Will WiFi roaming provide some relief?

Last updated: 23 August 2017

Very big satellite phoneIn the late 1990’s as the GSM standard was making fast inroads in Europe, Motorola decided to go really big and offer truly global phone service. Thus the Iridium satellite phone system was born with the promise of being able to make and receive calls anywhere on the planet. But by 1999, less than a year after launch of the service, Iridium was in Chapter 11 bankruptcy protection. What went wrong? In part, GSM roaming killed Iridium’s business model.

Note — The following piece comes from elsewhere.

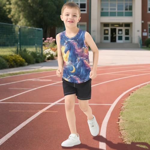 Boys Tank Top Shirts Watercolor Unicorn and Moon Sleeveless T-Shirts Crew Neck for Kids Clothing Children 5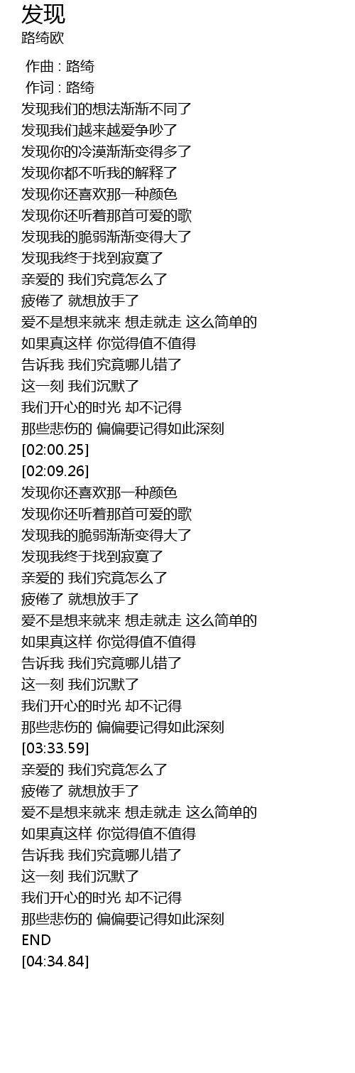 | [02:34.26] | 发现我终于找到寂寞了 |

It turns out that not that many people were willing to pay seven dollars a minute to call from the middle of nowhere. Most people want to be able to make and receive calls from populated areas. GSM roaming allowed the rest of us go global, paying extra only when we needed it while travelling, and GSM handsets provided multi-band connections so that we could hook up to the local network, whatever band it was using.

Fast forward to the advent of smartphones. Early adopters discovered that data could be costly, especially when roaming. But as competition brought in flat rate data plans in home networks, MNOs found that their networks were being loaded with YouTube downloads and other high bandwidth applications that weren’t bringing them any revenue. In fact according to an article in Mobile Europe from September 2010, YouTube accounted for 13% of total global mobile data bandwidth:

Usage of the video site grew 123% in the first half of 2010, having grown 90% in the second half of 2009. The site now accounts for 40% of all video streamed globally over mobile and contributed to mobile video topping the list of applications globally.

The question of “who should pay” has led to a whole Net Neutrality debate which is prickly, cultural and casts the MNOs in the role of bad guys.

Lots of smartphones are already smart enough to jump off the network and onto WiFi when you go home. This is smart in the same way that GSM roaming is smart: you use another infrastructure for a specific need. While this works well for places you regularly frequent, like your home, or a Starbucks, it doesn’t work as seamlessly when you show up in a foreign location. Is it really worth going through the hassle of figuring out the local WiFi codes? Do you just hope that your data plan isn’t super expensive? Or do you just turn off data to avoid any nasty surprises? Any way you look at it, there are missed opportunities.

We’ve teamed up with iPass to offer an alternative: making WiFi roaming work the same way GSM roaming does. If you are in range of an iPass hotspot, it just works. With over 260,000 hotspots around the world, there’s a good chance that you will be near one the next time you are in a hotel or airport, precisely the time when you would like to have fast, reasonably-priced bandwidth.

If the user experience is good, what’s the incentive for the operators, who might view this as simply lost data revenue? The answer is access management and billing. Paying for WiFi usage today is cumbersome for one-time visits, and the MNOs can fix that: they already bill customers.

Here’s Bertrand Leroux, our Roaming guy, commenting on the iPass announcement:

httpv://www.youtube.com/watch?v=mp8jY3cDOU8

So can WiFi roaming provide some relief for networks by letting the WiFi connections do the heavy lifting, while also providing a fast and convenient service for users? Or will the European Telecommunications Commissioner make good on her threat made on Feb 14th at MWC to end the “current rip-offs” on data roaming charges by forcing caps on roaming rates?